Replayable validation boundaries

  • Safe event-attribute marker: in an authorized test field, submit an inert image attribute payload such as ![](){onerror="console.log('skillz-commonmark-marker')"} or a non-exfiltrating callback to a tester-owned endpoint. Expected safe result: the onerror attribute is removed/escaped, the element is rendered inert, or the content is isolated on a no-credential origin. Vulnerable result: the rendered HTML contains an executable onerror attribute in the application origin.
  • Link and source policy drift: test whether manually added attributes can override renderer policy with benign href/src variants, including javascript:, data:, protocol-relative, empty, and mixed-case schemes. Do not use credential-stealing payloads; the proof is the policy-bypassing rendered attribute.
  • Surface propagation check: if Markdown is cached or re-rendered asynchronously, verify whether the dangerous attribute persists into previews, public pages, notification emails, exports, search snippets, RSS feeds, or mobile/webview clients.
  • Victim-role boundary: demonstrate impact with a disposable viewer account matching the weakest role needed to trigger rendering.
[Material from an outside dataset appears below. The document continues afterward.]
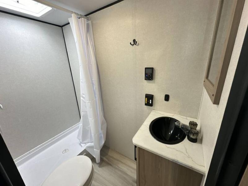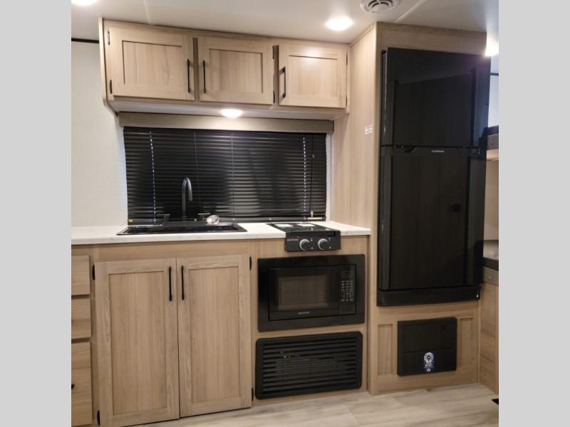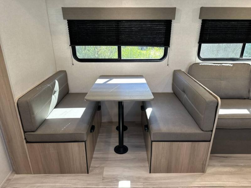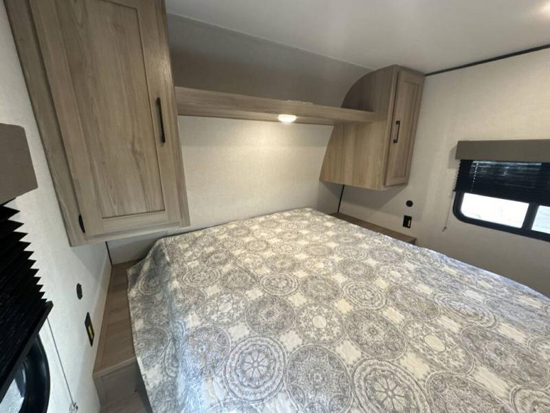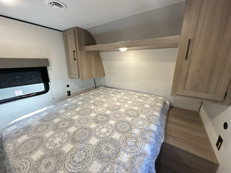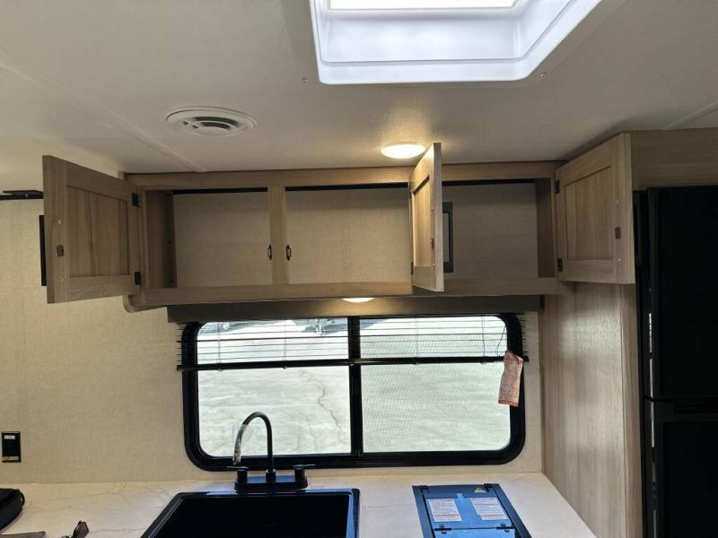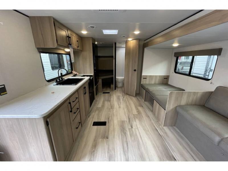With any Coleman travel trailer, you will experience Keystone's quality throughout, plus enjoy lightweight towing to the campground or RV park. There is a walkable roof, tinted safety glass windows, and a power awning outdoors for an inviting space to relax. The friction hinge entry door is another convenience you'll appreciate, and there is Furrion backup camera prep if you want the option to make parking easier. Inside, you'll find blackout night shades, a 6' 8" ceiling height, bedside outlets, and many more comforts.

For admin-only views, prove script execution with a harmless marker rather than reading privileged data.

Reporting heuristics

  • Include the affected package version, extension registration path, renderer configuration, input location, rendered HTML, output origin, CSP posture, and required victim role.
  • Explain why standard Markdown hardening was insufficient: raw HTML stripping and unsafe-link blocking did not constrain attributes introduced by the Attributes extension.
  • Show whether the same primitive reaches stored views, previews, exports, notifications, or third-party embeds.
  • If impact depends on same-origin application APIs, describe the reachable authenticated actions or data classes without harvesting real user data.
  • Keep validation scoped to authorized content and accounts; use inert markers, tester-owned callbacks, and disposable objects only.

Notes on skipped items from this scan

  • SpiceDB datastore DSN leakage in startup logs (GHSA-jf4f-rr2c-9m58 / CVE-2026-40091) remained processed from the prior pass as credential-log hygiene already represented by existing secret-logging guidance, not a standalone Skillz operator playbook.